In a large-scale retrospective study of 1868 patients with CRC, Kim et al39 demonstrated a PLR AUC of 0.556, with a mean PLR of 200.17 ± 168.96 and a cut-off of 160. Interestingly, the prognosis based on NLR and PLR differed depending on the stage of the cancer.

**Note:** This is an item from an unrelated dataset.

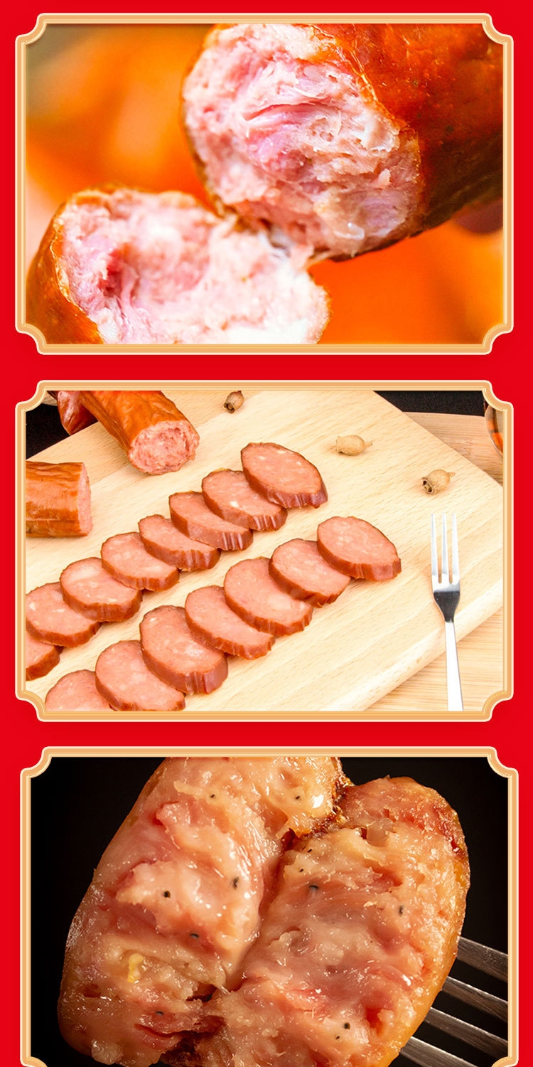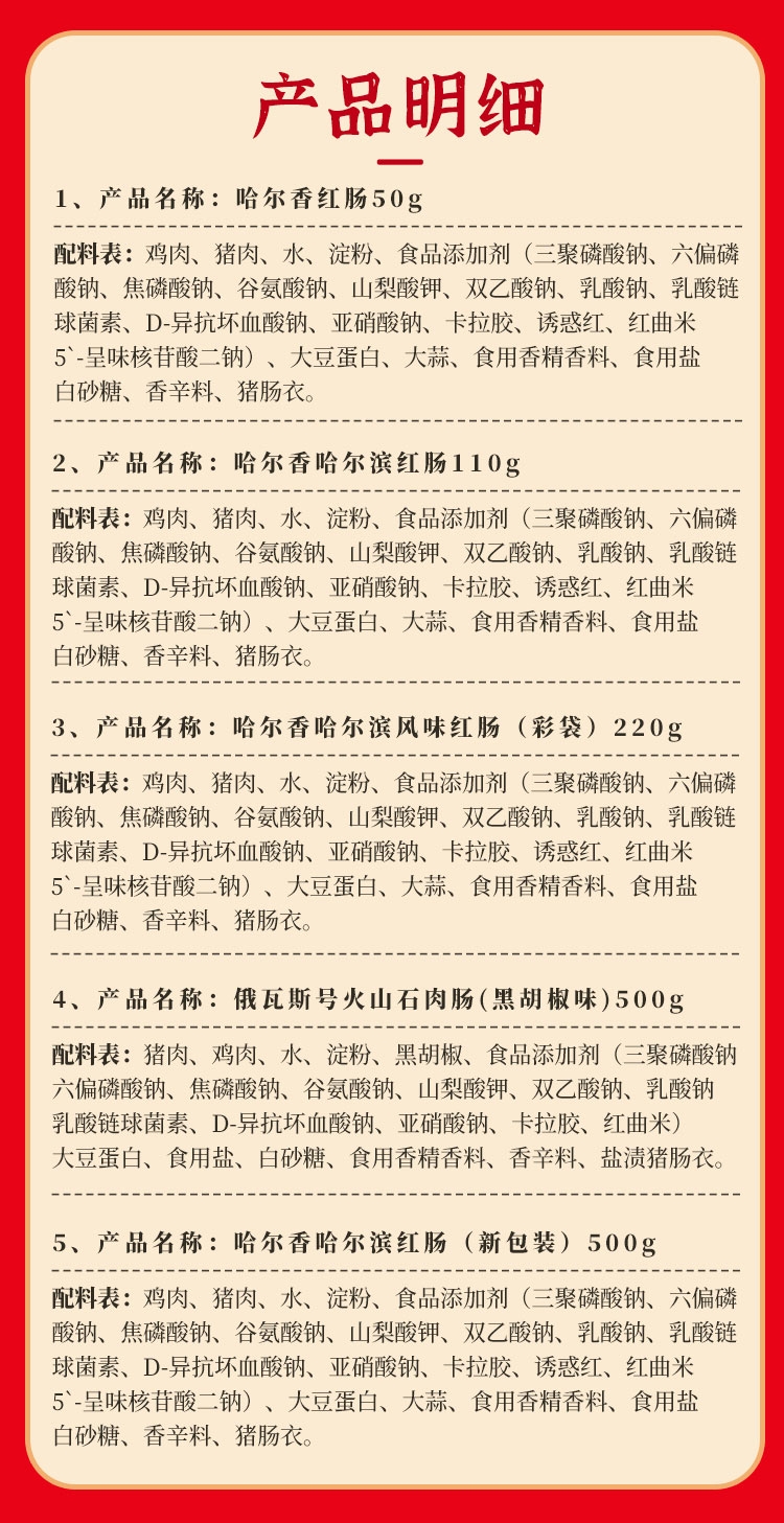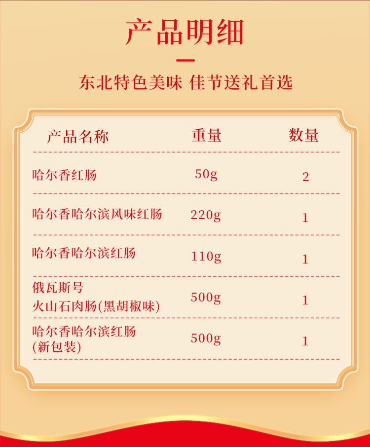 配置:哈尔香哈尔滨红肠(精装版)500g*1俄瓦斯号火山石肉肠(黑胡椒味)500g*1哈尔香哈尔滨风味红肠(彩袋)220g*1 哈尔香哈尔滨红肠110g*1 哈尔香红肠50g*2
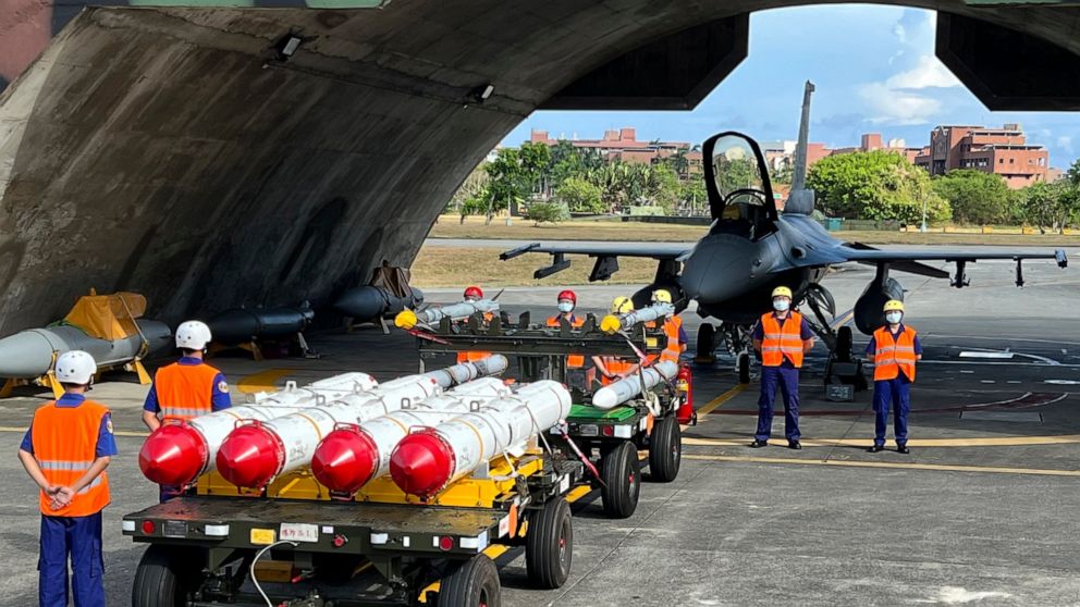 Military personnel stand next to U.S. Harpoon A-84, anti-ship missiles and AIM-120 and AIM-9 air-to-air missiles prepared for a weapon loading drills in front of a U.S. F-16V fighter jet at the Hualien Airbase in Taiwan’s southeastern Hualien county, Wednesday, Aug. 17, 2022. China announced sanctions on Friday, Sept. 16, 2022, against the CEOs of American defense contractors Raytheon and Boeing Defense over a major U.S. arms sale to rival Taiwan. (AP Photo/Johnson Lai, File)

In contrast, the OS and DFS of patients with stage I and II CRC did not differ significantly depending on NLR and PLR, as compared to patients with stage III and IV CRC. The performed regression analysis showed that high PLR (≥ 160), as well as NLR ≥3.0 were independent risk factors predicting poor long-term outcomes in patients with more advanced CRC (stage III and IV) than in patients with stage I and II CRC.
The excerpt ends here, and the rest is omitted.